Why Paul Does Not Abolish Order
One of the most persistent misunderstandings of Paul’s theology is the assumption that the coming of Christ removes order rather than fulfils it.
This misunderstanding often arises because Paul speaks so strongly about freedom, transformation, and new creation. Readers therefore assume that any talk of order, direction, or structure must belong to a temporary or inferior stage of God’s purposes.
But this is not how Paul reasons.
1. Order belongs to creation, not to the fall
For Paul, order is not a product of sin, domination, or social convention. It belongs to creation itself.
Creation has shape. Relations have direction. Life is given, received, and shared within an ordered world. This is why Paul so readily reasons from Genesis, from creation language, and from what is “given” or “from” God.
Sin does not create order. Sin distorts it.
2. Redemption heals order rather than erasing it
When Paul speaks of redemption in Christ, he does not describe a flattening of reality or a dissolution of structure. He describes reconciliation, restoration, and renewal.
Christ does not abolish what God has made. He heals it.
This is why Paul can speak simultaneously of continuity and transformation: continuity with creation as God’s good work, and transformation through Christ as its restoration.
Order remains, but it is reordered rightly.
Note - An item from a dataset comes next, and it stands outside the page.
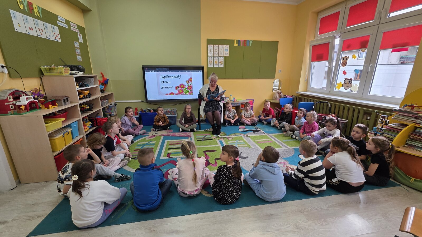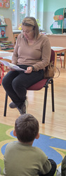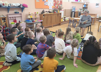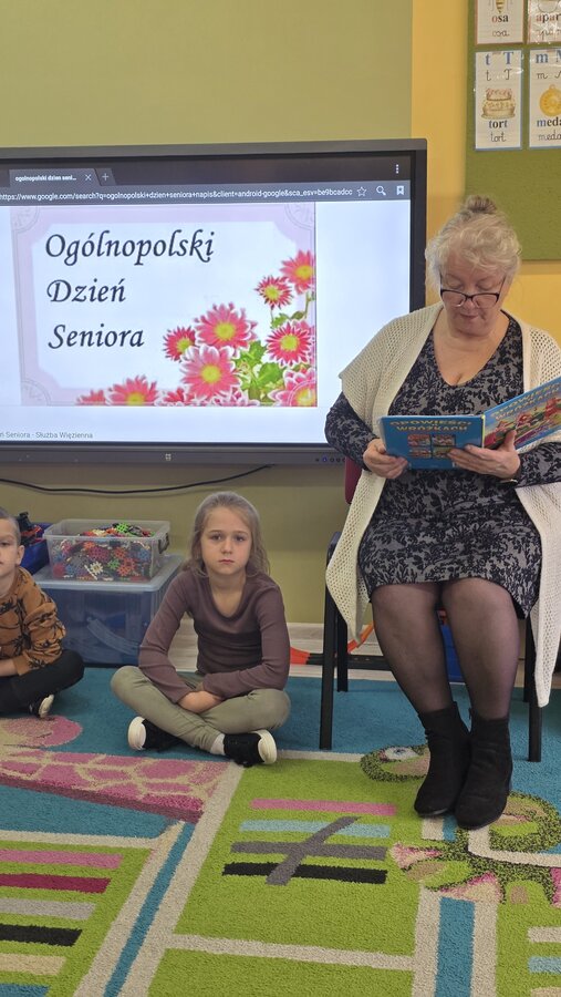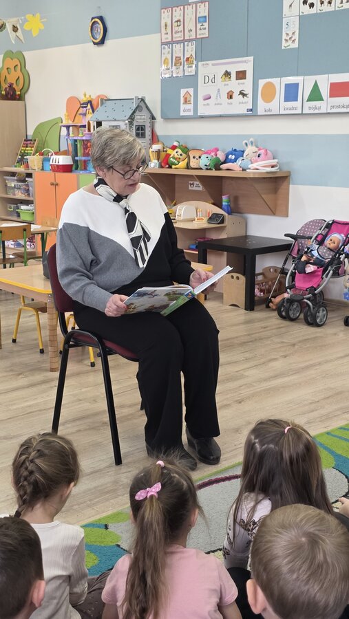 Czytanie bajek w przedszkolu oraz zorganizowany przez nich Dzień Seniora

3. Fulfilment is not the same as removal
A crucial distinction must be kept clear: order reaching its goal is not the same as order being abolished.
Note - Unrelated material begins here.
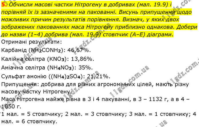 Обчисли масові частки Нітрогену в добривах (мал. 19.9) і порівняй їх із зазначеними на пакованні. Висунь припущення щодо можливих причин результатів порівняння. Визнач, у яких двох зображених пакованнях маса Нітрогену приблизно однакова. Добери до назви (1–4) добрива (мал. 19.9) стовпчик (А–Е) діаграми. Отримані результати: Карбамід (NH2CONH2): 46,67%. Калійна селітра (KNO3): 13,86%. Аміачна селітра (NH4NO3): 35%. Сульфат амонію ((NH4)2SO4): 21,21%. Припущення: добрива для різних агрономічних цілей, мають різну масову частку Нітрогену. Маса Нітрогена майже рівна в 3 і 4 пакуванні, в 3 – 1132 г, а в 4 –1050 г. 1 мал. = 5 стовпчику; 2 мал. = 3 стовпчику; 3 мал. = 1 стовпчику; 4 мал. = 6 стовпчику.
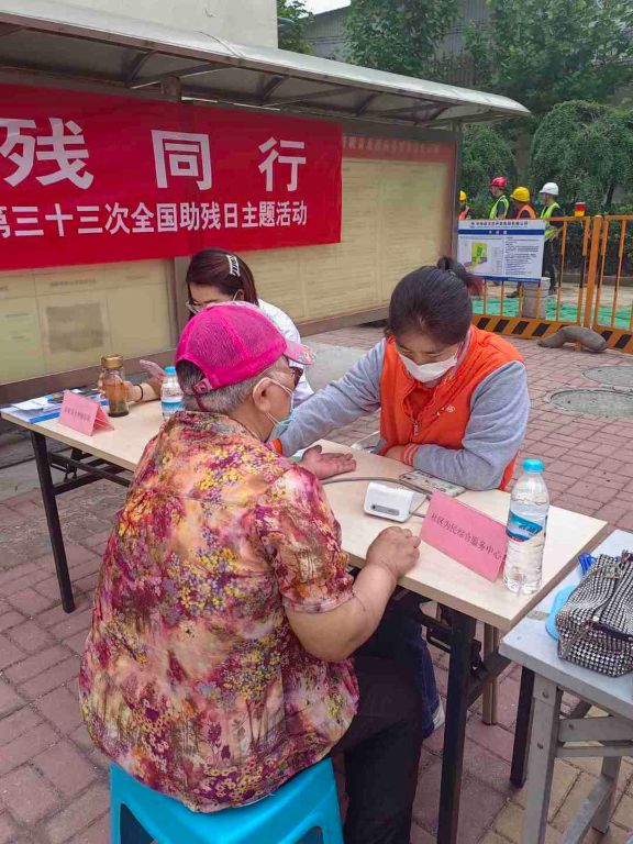 2023年5月21日是第三十三次全国助残日,为进一步弘扬中华民族扶残助残的传统美德,勉励残疾人发扬自尊、自信、自强、自立的精神,营造全社会理解、尊重、关心、帮助残疾人的良好社会氛国,北坦街道社工站联合生产路社区,链接其他资源,在天和新居小区开展了“爱心相伴 助残同行”残疾人义诊活动。

Paul consistently thinks in terms of fulfilment. What is incomplete reaches completion. What is distorted is healed. What is provisional gives way to what is full — but not by becoming unreal.
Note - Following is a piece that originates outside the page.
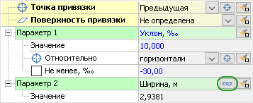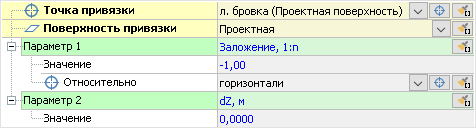 Для настройки позиционирования всех сегментов доступны те же параметры, что определяют положение сегментов проектной поверхности: точка и поверхность привязки, уклон, заложение, dZ и пр. Подробности о них см. в разделе Настройка позиционирования сегментов.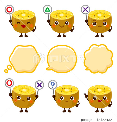 ○×△の札を持ったルビーレッドキウイのキャラクター

To say that order reaches its telos is to say that it becomes what it was always meant to be.
4. Christ as the fulfilment of ordered life
For Paul, Christ is not simply the agent who overcomes disorder. He is the one in whom ordered life reaches its purpose.
Christ is:
- the image in whom creation coheres,
- the head in whom reconciliation occurs,
- the one through whom God’s purposes come to completion.
This means that order does not disappear in Christ. Rather, it finds its true centre.
5. Why this matters for reading Paul
If order is assumed to be temporary or suspect, Paul’s teaching is easily misread as pragmatic regulation or power management.
But if order is understood as creational and teleological, Paul’s teaching becomes coherent. His concern is not to enforce structures, but to guide life toward its proper end in Christ.
This is why Paul can speak with confidence about both present order and future hope without contradiction.
Conclusion
Paul does not oppose order to freedom, nor does he replace structure with spirituality.
He proclaims a Christ in whom the order God established is healed, completed, and brought to its intended fulfilment.
Not because order is abolished, but because the ordered work has reached its completion.